**TASK REQUIREMENTS**:
Without including any pictures, retype exactly the lines from the top of the records through the line containing "Pantaloni cargo realizzati", that final line included.

**DATASET RECORDS**:
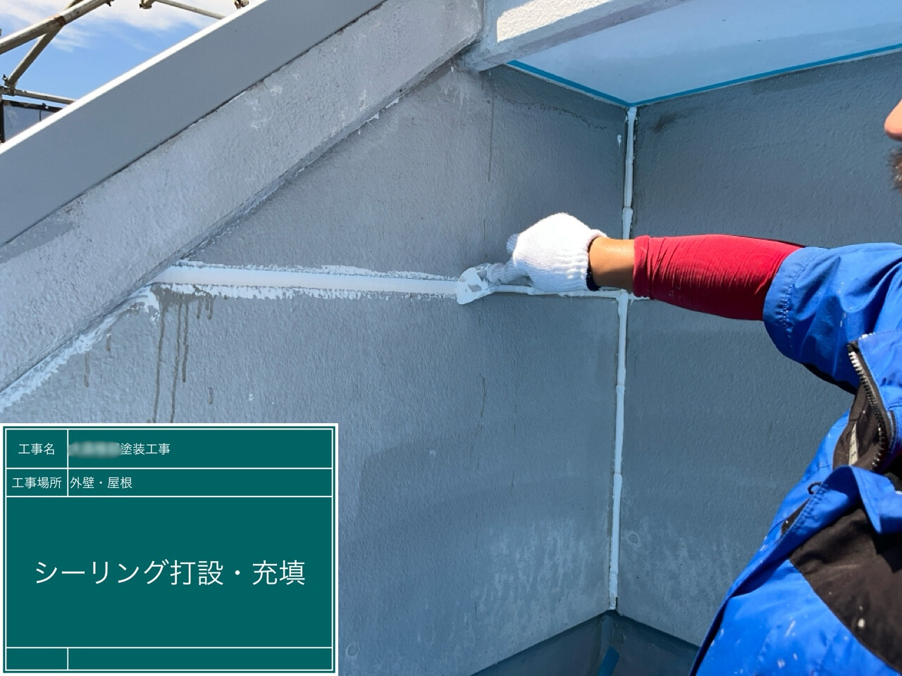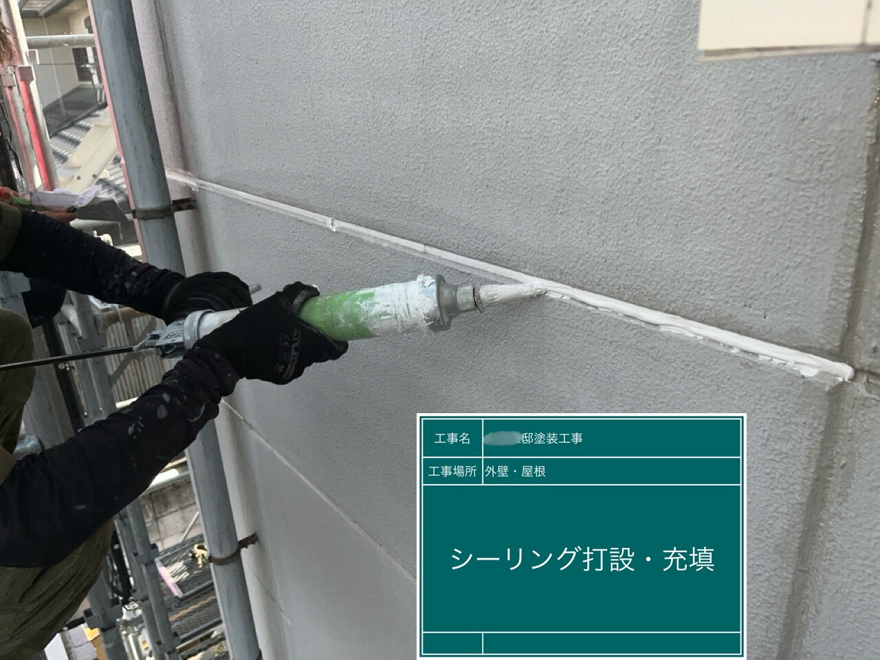 新しいシーリング材を充填しています。建物を雨水や隙間からしっかり守ります。
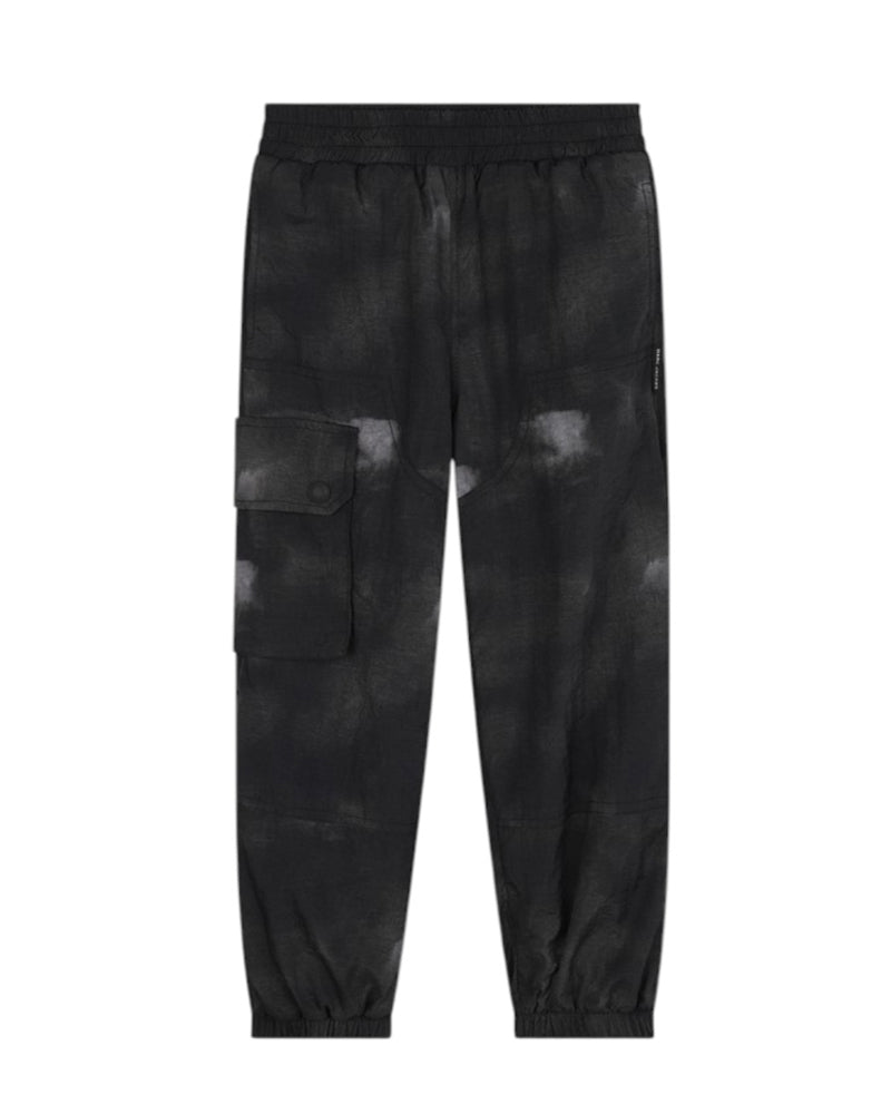 Pantaloni cargo realizzati in nylon da bambino. Presentano vita elasticizzata, tasche laterali a filo, tasca cargo con patta sulla gamba e taschino applicato sul retro, fodera in pile, fondo elasticizzato. Sono decorati con patch logo in silicone applicata sul retro.
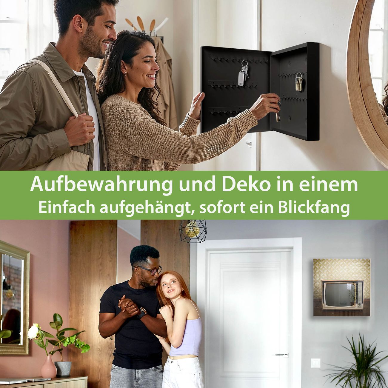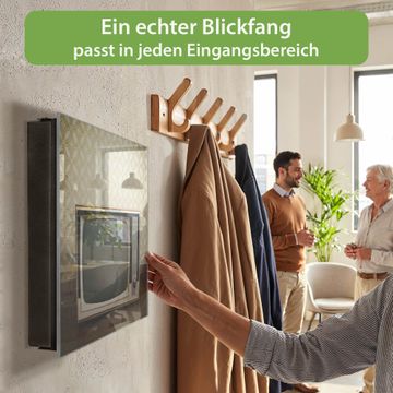 Bringe Ordnung und Eleganz in deinen Eingangsbereich mit dem banjado Schlüsselkasten Motiv Motiv Schwarzweiß TV. Die moderne Schlüsselbox kombiniert funktionales Design mit hochwertiger Verarbeitung und wird so zu einem echten Hingucker in Flur, Büro oder Ferienwohnung. ✅ Stilvolle Schlüsselaufbewahrung mit Glasfront im Motiv Motiv Schwarzweiß TV Der Design-Schlüsselkasten Motiv Motiv Schwarzweiß TV bietet Platz für bis zu 50 Schlüssel, die auf 5 stabilen Reihen mit je 10 Haken übersichtlich verstaut werden. Mit seinen kompakten Maßen von 30 x 30 x 5 cm passt die Schlüsselbox perfekt auch in kleinere Räume. Der schwarz lackierte Stahlkorpus mit rechts angeschlagenem Türscharnier harmoniert mit der Glasfront und fügt sich nahtlos in jedes Wohnambiente ein. Ob als Schlüsselorganizer für Zuhause oder als praktische Lösung für Büros, Praxen und Gewerbe, der banjado Schlüsselkasten sorgt für Ordnung und Übersicht. Dank der magnetischen, mit Kreidestiften beschreibbaren Glasfront kannst du Notizen anheften oder Termine direkt auf der Oberfläche festhalten. Die Schlüsselbox Motiv Motiv Schwarzweiß TV zur Wandmontage wird inklusive Befestigungsmaterial geliefert und ist schnell angebracht. So hast du deine Schlüssel jederzeit griffbereit und zugleich stilvoll verstaut. Mit diesem banjado Schlüsselkasten Motiv Motiv Schwarzweiß TV kombinierst du praktische Aufbewahrung mit stilvollem Wohndesign. Ob privat oder geschäftlich, die Schlüsselbox sorgt für mehr Ordnung, Übersicht und ein wohnliches Ambiente.Vorteile im Überblick
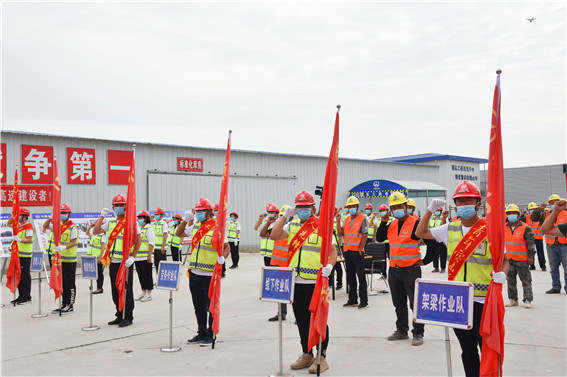 王剛在表態(tài)發(fā)言中講到,一要借著勞動(dòng)競(jìng)賽活動(dòng)的“東風(fēng)”,充分調(diào)動(dòng)全體參建員工的積極性、主動(dòng)性,以更飽滿(mǎn)的熱情,投入后續(xù)施工當(dāng)中,圓滿(mǎn)、高效完成勞動(dòng)競(jìng)賽各項(xiàng)目標(biāo),助力公司在河北市場(chǎng)再創(chuàng)佳績(jī)、再立新功,持續(xù)開(kāi)拓雄安新區(qū)乃至京津冀地區(qū)市場(chǎng)。二要抓住施工生產(chǎn)的黃金季節(jié),以安全質(zhì)量環(huán)保和文明施工為前提,以施工進(jìn)度為龍頭,以資源供給、有效協(xié)調(diào)為保證,全面調(diào)動(dòng)激發(fā)廣大職工的積極性和創(chuàng)造力,做到全面開(kāi)花,掀起項(xiàng)目建設(shè)高潮。三要統(tǒng)一思想,提高認(rèn)識(shí),確保“五亮五比五創(chuàng)”主題實(shí)踐活動(dòng)深入開(kāi)展,激發(fā)黨員干部以更加強(qiáng)烈的責(zé)任擔(dān)當(dāng),更加飽滿(mǎn)的激情、更加旺盛的干勁、更加務(wù)實(shí)的作風(fēng)在項(xiàng)目建設(shè)熱潮中當(dāng)先鋒、爭(zhēng)先鋒。
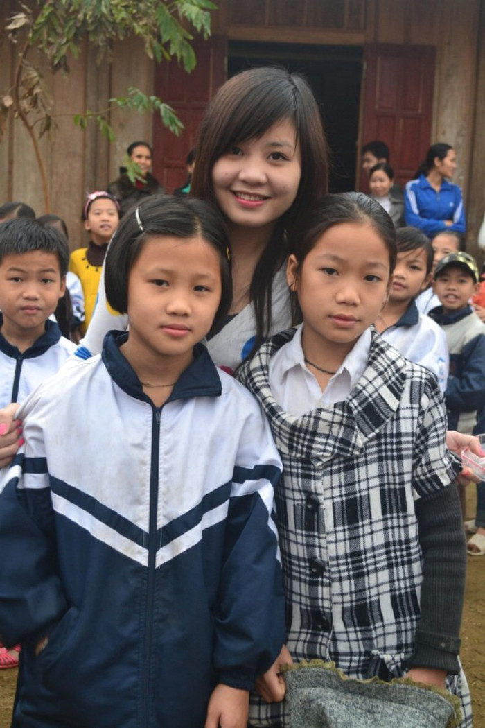 | Minh Khuê và Thúy Hiền (đứng sau), 2 nữ sinh đã tham dự cuộc thi ảnh Tìm kiếm Gương mặt Nữ sinh trong mơ 2013, đó chính là cầu nối cho họ đến với chương trình từ thiện này. |
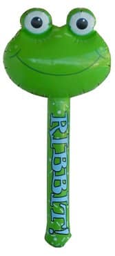 A very large green inflatable Bopper, with a happy frog face is yours for the FUN of it! You can shake the handel, which has “Ribbit’ painted on both sides in blue, and a squeaky sound accompanies the whimsical frog face as it bops up and down. Great for sporting events, party favors or pool parties.(not meant to be used as flotation device)

**REPLY**:
 新しいシーリング材を充填しています。建物を雨水や隙間からしっかり守ります。
 Pantaloni cargo realizzati in nylon da bambino. Presentano vita elasticizzata, tasche laterali a filo, tasca cargo con patta sulla gamba e taschino applicato sul retro, fodera in pile, fondo elasticizzato. Sono decorati con patch logo in silicone applicata sul retro.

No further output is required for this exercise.